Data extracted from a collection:
------------------------------------------------------------

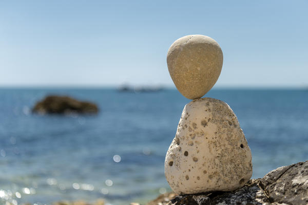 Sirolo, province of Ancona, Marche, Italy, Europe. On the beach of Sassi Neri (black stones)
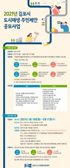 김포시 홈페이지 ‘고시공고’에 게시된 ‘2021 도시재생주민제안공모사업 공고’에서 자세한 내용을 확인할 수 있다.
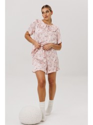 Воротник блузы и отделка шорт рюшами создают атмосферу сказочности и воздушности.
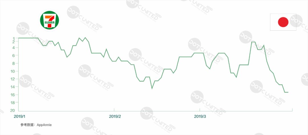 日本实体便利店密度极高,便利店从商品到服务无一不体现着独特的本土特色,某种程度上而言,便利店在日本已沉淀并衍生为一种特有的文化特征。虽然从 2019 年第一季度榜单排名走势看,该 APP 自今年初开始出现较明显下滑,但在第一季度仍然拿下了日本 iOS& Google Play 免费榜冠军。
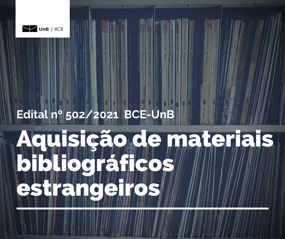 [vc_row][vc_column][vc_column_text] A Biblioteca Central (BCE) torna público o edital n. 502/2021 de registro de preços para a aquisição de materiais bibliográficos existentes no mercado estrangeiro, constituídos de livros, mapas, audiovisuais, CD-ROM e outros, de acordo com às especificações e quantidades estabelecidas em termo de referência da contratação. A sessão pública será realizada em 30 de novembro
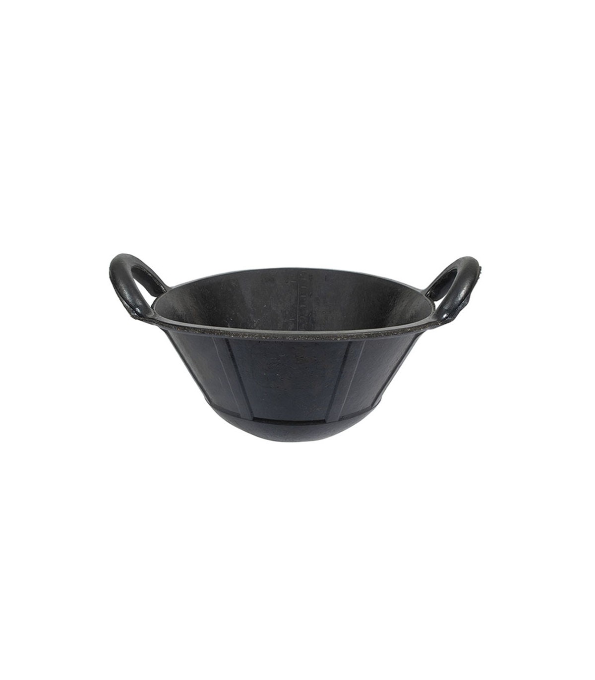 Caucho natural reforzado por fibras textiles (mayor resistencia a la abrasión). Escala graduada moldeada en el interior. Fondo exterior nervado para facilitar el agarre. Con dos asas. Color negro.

------------------------------------------------------------

→ **Work instruction**: Restate the data word for word while omitting each picture.

→ **Result of this task**:
 Sirolo, province of Ancona, Marche, Italy, Europe. On the beach of Sassi Neri (black stones)
 김포시 홈페이지 ‘고시공고’에 게시된 ‘2021 도시재생주민제안공모사업 공고’에서 자세한 내용을 확인할 수 있다.
 Воротник блузы и отделка шорт рюшами создают атмосферу сказочности и воздушности.
 日本实体便利店密度极高,便利店从商品到服务无一不体现着独特的本土特色,某种程度上而言,便利店在日本已沉淀并衍生为一种特有的文化特征。虽然从 2019 年第一季度榜单排名走势看,该 APP 自今年初开始出现较明显下滑,但在第一季度仍然拿下了日本 iOS& Google Play 免费榜冠军。
 [vc_row][vc_column][vc_column_text] A Biblioteca Central (BCE) torna público o edital n. 502/2021 de registro de preços para a aquisição de materiais bibliográficos existentes no mercado estrangeiro, constituídos de livros, mapas, audiovisuais, CD-ROM e outros, de acordo com às especificações e quantidades estabelecidas em termo de referência da contratação. A sessão pública será realizada em 30 de novembro
 Caucho natural reforzado por fibras textiles (mayor resistencia a la abrasión). Escala graduada moldeada en el interior. Fondo exterior nervado para facilitar el agarre. Con dos asas. Color negro.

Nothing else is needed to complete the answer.